Looking into the C souce code of 'journald.c', I saw this part:
if (server.max_retention_usec > 0 && server.oldest_file_usec > 0) {
/* The retention time is reached, so let's vacuum! */
if (server.oldest_file_usec + server.max_retention_usec < n) {
log_info("Retention time reached.");
server_rotate(&server);
server_vacuum(&server);
continue;
}
/* Calculate when to rotate the next time */
t = (int) ((server.oldest_file_usec + server.max_retention_usec - n + USEC_PER_MSEC - 1) / USEC_PER_MSEC);
log_info("Sleeping for %i ms", t);
}
where it appears that the message "Sleeping for" is written only when there is a value in the MaxRetentionSec parameter.

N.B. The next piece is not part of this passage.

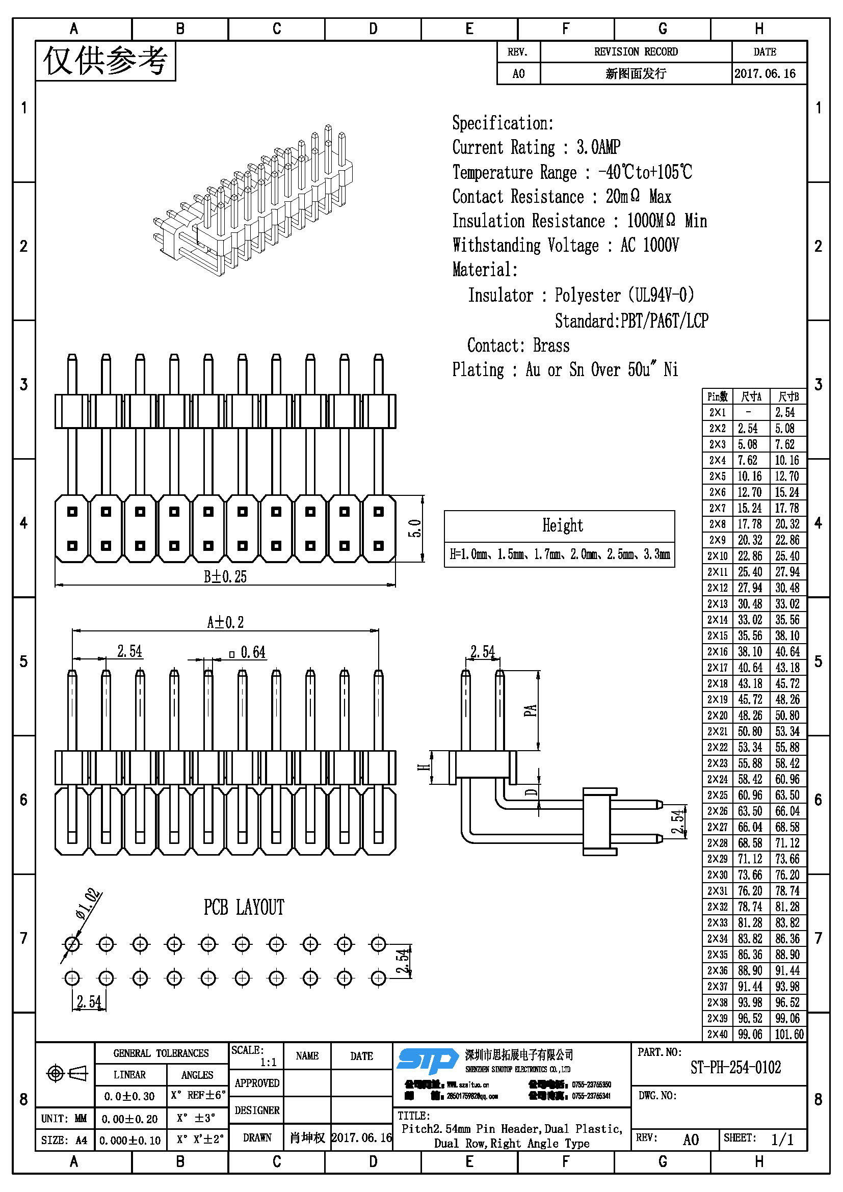 塑胶高度:1.0/1.5/1.7/2.0/2.5/3.3MM

So I worked around that problem by removing its value. It's not a solution, it only masks a possible bug here;
but I tried to study the source code and I could not understand the exact mechanism involved here, ie why it was trapped in an infinite loop and why it worked every two boots/reboots.
I am sorry for not going further into the study of this dysfunction, but presently I want to do something else than that debugging task.

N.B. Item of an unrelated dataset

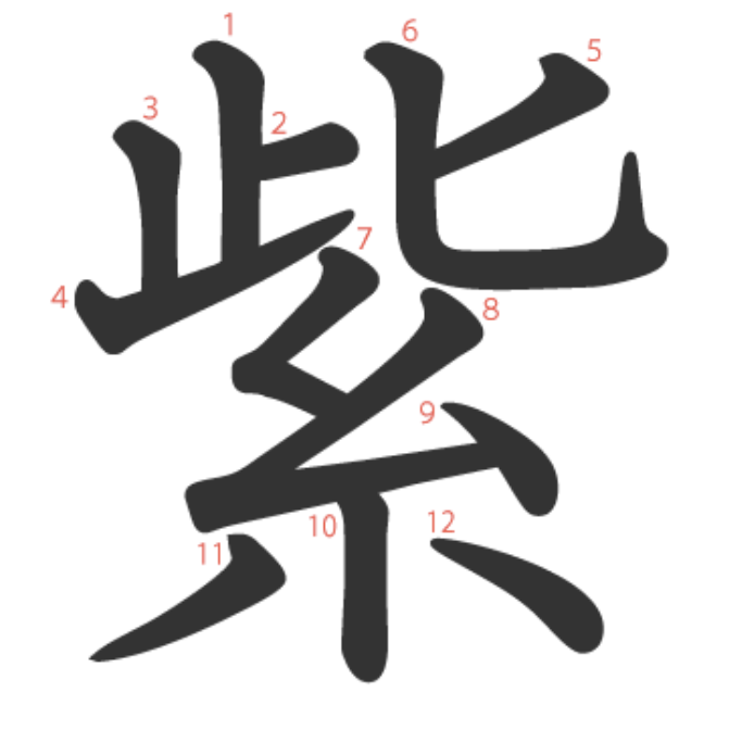 紫는 "보라색으로 염색한 실(糸)" -> "보라색, 자주색"이라는 뜻의 글자입니다(止는 소리부).

If someone is interested, maybe there is a bug to fix here in the code...
Also I don't know if the absence of cleaning of the journald directory after an unclean shutdown of the systemd-journald service is intended or if it can be considered a dysfunction/bug...
Finally I confirm that since I added the shutdown hook in the initial ramdisk, the shutdown of the systemd-journald service is clean,
and I do not get '.journal~' files anymore.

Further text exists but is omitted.